Dans l'affaire, soumise à la Cour de cassation, l’employeur avait conclu des conventions de forfait hebdomadaires avec des salariés dont la rémunération était inférieure au plafond de la sécurité sociale. La Cour de cassation tranche ce premier point d’interprétation de l’accord : seuls les ingénieurs et cadres dont la rémunération est au moins égale au plafond de la sécurité sociale relèvent de cette modalité de gestion du temps de travail.
Dans cette branche, l’application des conventions de forfait en heures, sur base hebdomadaire (modalité 2), est donc réservée aux salariés dont la rémunération contractuelle atteint le plafond de la sécurité sociale. Le non-respect de cette condition d’éligibilité a pour effet de remettre en cause la validité des conventions individuelles.
Les salariés concernés sont alors recevables à demander le paiement des heures supplémentaires effectuées entre 35 heures et 38 heures 30 (ou au-delà). 12 salariés ont ainsi obtenu gain de cause dans le cadre de ce pourvoi.
2/ Impossibilité de se prévaloir de l’accord individuel du salarié
Pour asseoir la solution, la Cour de cassation précise, dans un second temps, que l’accord donné par le salarié pour l’application d’une convention hebdomadaire de forfait, ne permet pas de s’affranchir de la condition de rémunération minimale posée par les partenaires sociaux. Ceci en raison des règles d’articulation entre l’accord collectif et le contrat de travail.

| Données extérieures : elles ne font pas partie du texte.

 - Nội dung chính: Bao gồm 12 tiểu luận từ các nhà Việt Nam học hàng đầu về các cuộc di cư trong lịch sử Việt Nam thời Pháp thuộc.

L’arrêt rappelle ainsi que :
– « le salarié ne peut renoncer aux droits qu’il tient de la convention collective » ;
– « lorsqu’un employeur est lié par les clauses d’une convention collective, ces clauses s’appliquent au contrat de travail, sauf stipulations plus favorables » (C. trav., art. L. 2254-1).

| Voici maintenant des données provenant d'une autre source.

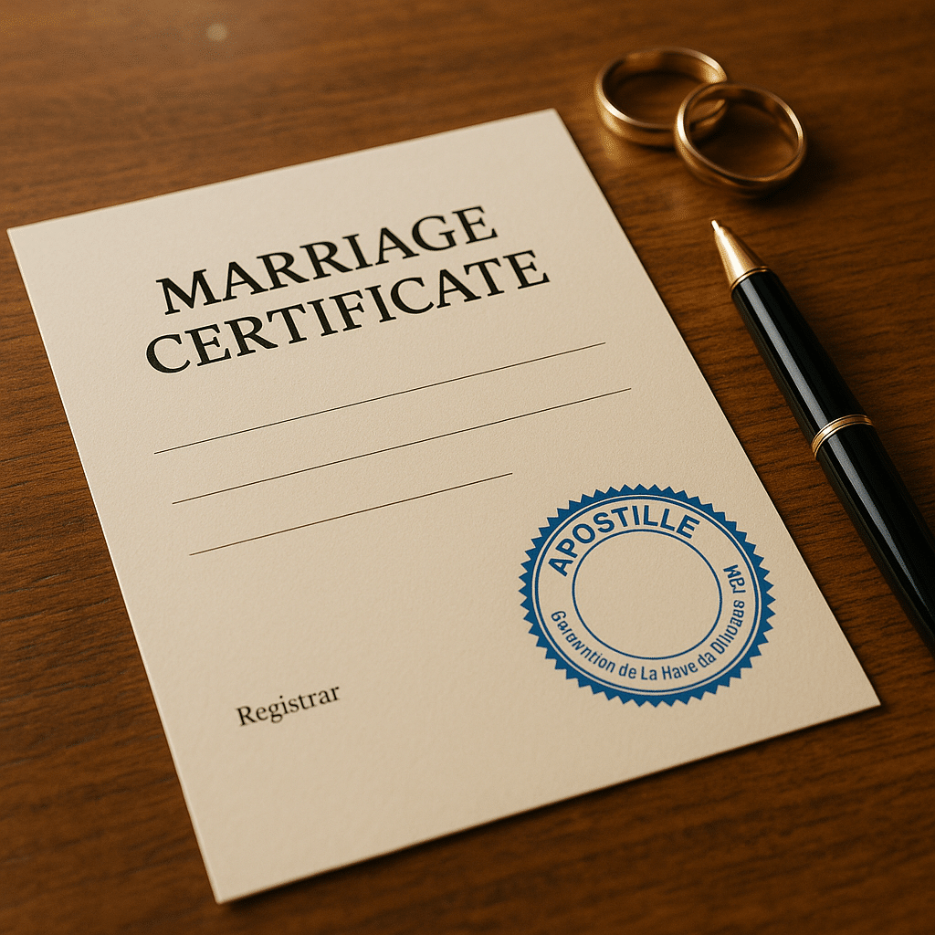 הצוות המשפטי שלנו מטפל בכל המסמכים, האימותים והתרגומים. - תעודת נישואין עם חותמת אפוסטיל

Dans les entreprises relevant de l’accord Syntec de 1999, si la rémunération contractuelle du salarié est inférieure au plafond de la sécurité sociale, l’employeur ne pourra donc pas se prévaloir de l’accord individuel donné par une clause du contrat de travail, pour appliquer le forfait hebdomadaire et le forfait de salaire qui l’accompagne.